MLCommons™ is an open engineering consortium of deep learning experts who focus on improving the machine learning process pertaining to system acceleration, ease of access, and standardization of deep learning tooling. It was founded by experts from different areas such as large-scale companies, startups, academics, and research institutes. MLCommons hosts MLPerf benchmarks with the intent to produce effective benchmarks. These benchmarks aim to correlate to real world uses cases that customers face on a frequent basis in their data center settings.
The MLPerf Training benchmark aims to be a fair representation of the workload that not only requires high throughput and high compute, but also reaches the expected target convergence metric. It measures time to convergence. MLPerf does not measure system throughput as the primary metric because throughput can be easily manipulated by increasing batch size. Convergence cannot be easily manipulated like throughput.
MLPerf training includes two divisions: Open and Closed.

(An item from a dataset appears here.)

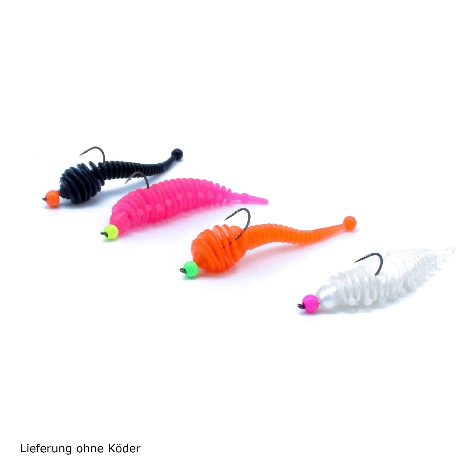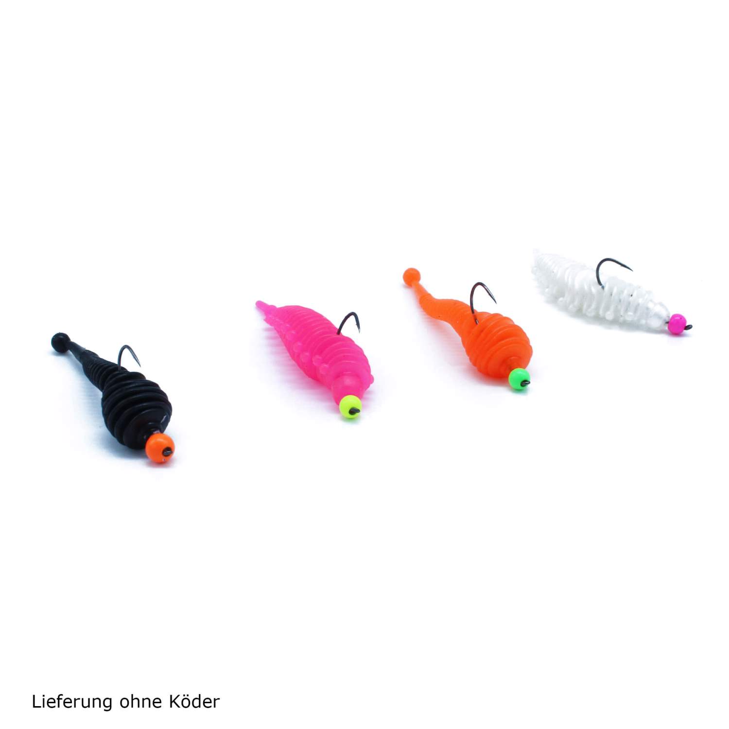La pêche à la truite avec des leurres souples UL, tels que les Troutlook Shaky Worms et Crazy Ripplers, est actuellement l'une des méthodes les plus populaires en lac de truite. Les hameçons spéciaux Forellen Jig sont encore très difficiles à trouver. Nous les proposons dans différentes tailles et couleurs avec des hameçons Gamakatsu ultra-tranchants !Sharp pour les leurres souples pour la truite - Les hameçons spéciaux Forellen Jig Troutlook

The Open division enables new model architectures, model update mechanisms (optimizers), and other research that expects to reach target quality of service (accuracy).
Our submission to MLPerf training is for the Closed division, in which submissions ensure comparisons can be made like-for-like among other Closed division submitters. The Closed division enforces the submissions to follow the same dataset preprocessing, model, training method, and quality target as the reference implementation. For instance, hyperparameters must be the same as the reference implementation. Hyperparameters include the optimizers used and values such as regularization norms and weight decays. The fp64, fp32, tf32, fp16, fp8, bfloat16, int8, uint8, int4, and uint4 numerical formats are preapproved for use. Additional formats require explicit approval.

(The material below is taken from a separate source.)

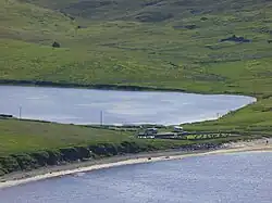 Südende mit dem Friedhof, unten der Loch of Flugarth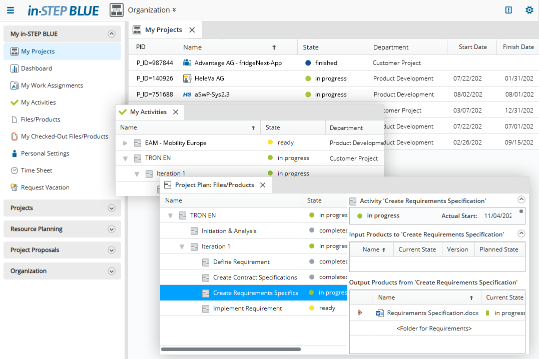 All relationships between requirements, all changes and change requests and all other relevant project information are accessible with in-STEP BLUE.

The following table lists the available benchmarks for submission and their corresponding expected quality target. For a submission to be valid, the accuracy for that specific model must converge to a specified quality target.

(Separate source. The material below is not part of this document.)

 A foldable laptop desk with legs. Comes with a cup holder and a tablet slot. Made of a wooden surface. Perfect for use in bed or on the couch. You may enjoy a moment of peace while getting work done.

Table 1. Available benchmarks in MLPerf Training v3.0
Area | Problem | Model | Target |
Vision | Image classification | ResNet-50 v1.5 | 75.90% classification |
Image segmentation (medical) | U-Net3D | 0.908 Mean DICE score | |
Object detection (light weight) | SSD (RetinaNet) | 34.0% mAP | |
Object detection (heavy weight) | Mask R-CNN | 0.377 Box min AP and 0.339 Mask min AP | |
Language | Speech recognition | RNN-T | 0.058 Word Error Rate |
NLP | BERT | 0.720 Mask-LM accuracy | |
Large Language Model | GPT3 | 2.69 log perplexity | |
Commerce | Recommendation | DLRMv2 (DCNv2) | 0.80275 AUC |
The following table shows the minimum number of expected runs for a valid benchmark in the Closed division:
Table 2. Minimum number of expected runs
Area | Problem | Minimum number of runs |
Vision | Image classification | 5 |
Image segmentation (medical) | 40 | |
Object detection (light weight) | 5 | |
Object detection (heavy weight) | 5 | |
Language | NLP | 10 |
Speech recognition | 10 | |
Large language model | 3 | |
Commerce | Recommendation | 10 |
The MLPerf training suite uses a compliance checker to ensure that submissions are made to the benchmark fairly. This check occurs through a package and RCP checker. The package checker ensures that the expected criteria are met, as defined by the Closed division rules.
The RCP checker ensures that the convergence of the submitted benchmark does not deviate from the convergence of the reference. Its purpose is to avoid cases where submission convergence is faster than the reference. Reference implementation convergence sets a lower bound on epoch convergence that a valid submission must not surpass.